Please allow me to state the obvious: graduate school is one of the most mentally and physically taxing experiences ever. Breaking a mental sweat while writing the dissertation proposal, applying for fellowships, and grading papers is a normal occurrence for most grad students. Unfortunately, breaking a literal sweat is not as common, but it really should be.

For many students, college is a place for having a fabulous body and sweating hard at the gym. Lucky for me, I was never a victim of gym culture peer pressure. My younger self always complained that the gym was always too far and far too sweaty. Working out was nowhere near my mind in my junior year, when I was diagnosed with severe depression. It seemed normal for the therapist to prescribe pills for the depression and other pills to counteract the side effects.

Five years later, after gradually weaning myself off of medication, I am in graduate school. The stress of constantly performing under pressure, dealing with frustration and self-doubt can potentially depress anyone. After a day of feeling particularly down, I found myself in the gym staring at the elliptical machine. I was surrounded by young, fit undergrads who could smell my fear and self consciousness. Despite my hesitancy, I hopped on the elliptical. Much to my disbelief, I pumped and sweated for a full ten minutes. Once a month turned into twice a week. Ten minutes evolved into twenty and thirty minutes. Now, I (the grad student formerly known as “Anti-gym” girl) am now running three miles or more on the treadmill without breaking too much of a sweat. My grad student husband can even tell a difference in my overall mood and self esteem. I reach for coffee less because my energy levels have increased since hitting the gym. I wish someone told me that feeling this good can come from working out. I wanted to fly back to California and shake my therapist.
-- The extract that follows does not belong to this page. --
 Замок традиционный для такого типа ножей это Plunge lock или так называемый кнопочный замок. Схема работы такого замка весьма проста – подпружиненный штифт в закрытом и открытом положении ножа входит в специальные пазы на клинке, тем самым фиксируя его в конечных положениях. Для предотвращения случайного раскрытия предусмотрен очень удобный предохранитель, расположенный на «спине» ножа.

Randomly wandering into the gym worked for my first workout, yet this may not happen for everyone. Here are 5 helpful tips for getting into the gym and (hopefully) returning:

1. Just DO it: In grad school, it seems that there is never enough time. The reality is that like anything you have to make time and prioritize your health. Unlike non-academics, there are many free gyms on campus that exist specifically for student wellness. Take advantage of these free workout spaces. If sweaty machines aren’t your thing, take advantage of the cheap (sometimes free) fitness classes that universities offer such as yoga, pilates, yogalates, boxing, swim class, Zumba, Tai Chi, etc. Hesitant about going alone the first time? Ask a fellow grad student or a friend to join you. The mutual accountability could be that necessary push to get you sweating.
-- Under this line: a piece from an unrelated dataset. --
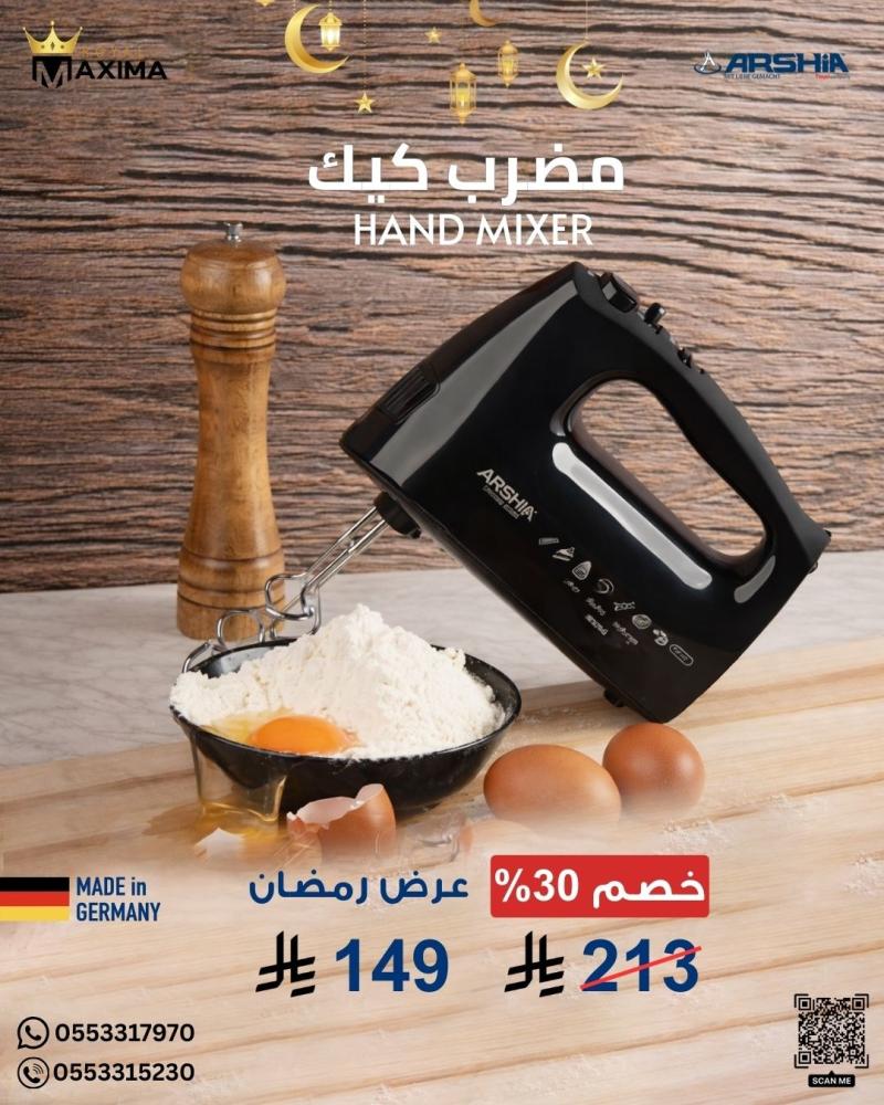 مضرب كيك كهربائي – مضرب أرشيا – ARSHIA Mixer – خفق وخلط – أجهزة منزلية – أجهزة كهربائية – تكنولوجيا ألمانية – Royal Maxima – رويال ماكسيما – عروض رمضان – أدوات مطبخ احترافية

2. Set aside fifteen minutes: There is no magic amount of time for working out. For graduate students fifteen minutes is a reasonable amount of time to step out of the library and get your heart pumping. Eventually, your body will let you know when to increase the amount of exercise time.
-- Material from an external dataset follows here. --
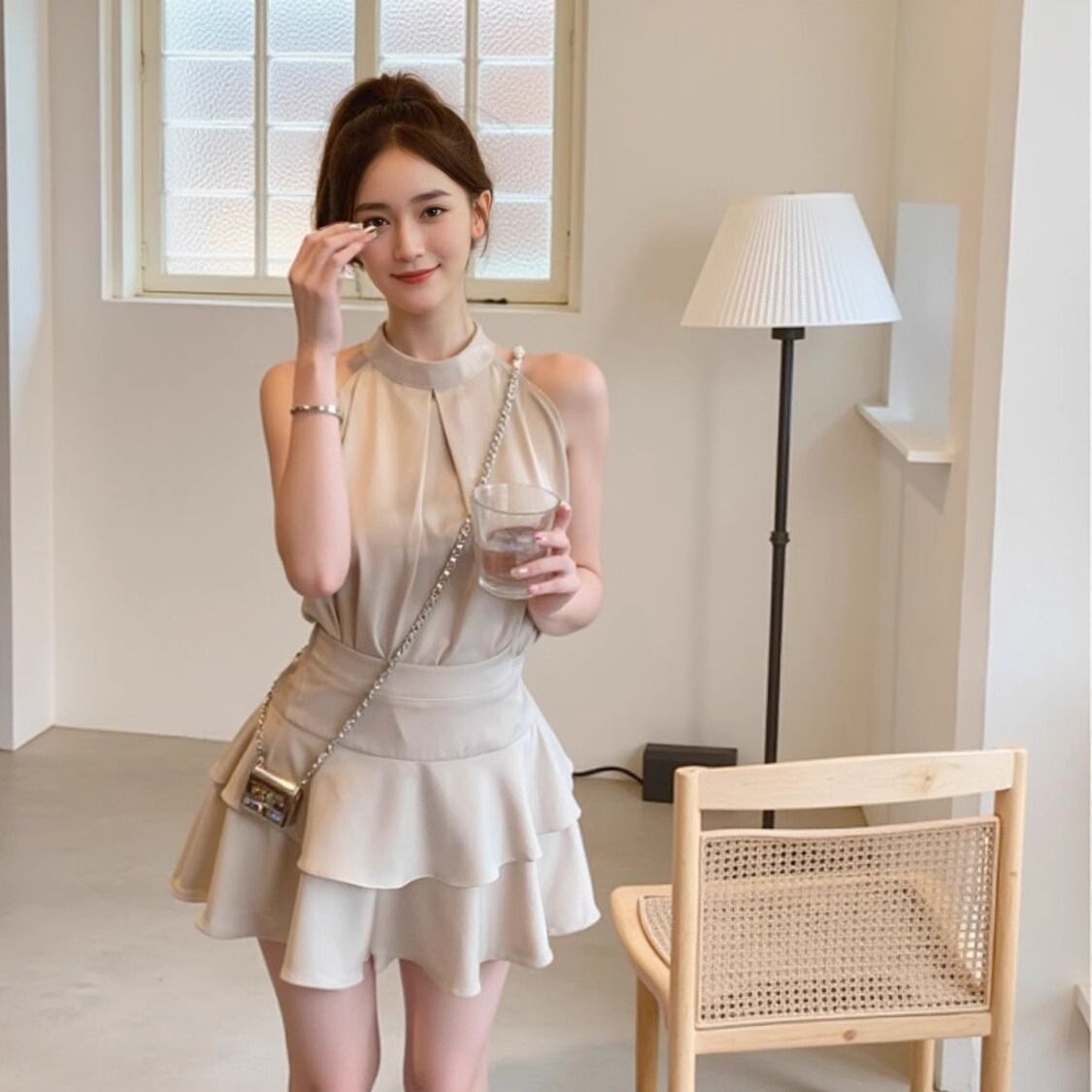여성용 섹시한 작은 향기 스타일 정장 스커트, 여름 작은 드레스, 작은 검은색 드레스, 민소매 홀터넥 서스펜더 스커트 투피스 세트스토어 가기

3. Write a workout journal: Keep track of each workout, how long you spent, what you did and how you felt during/ afterwards. You can even note your weight, BMI, and body fat percentages. I prefer alternating between Runkeeper and the notepad function on my ipod. An electronic or paper journal could also be helpful if you’re interested in adding even more detail including your overall emotional wellness pre and post workout.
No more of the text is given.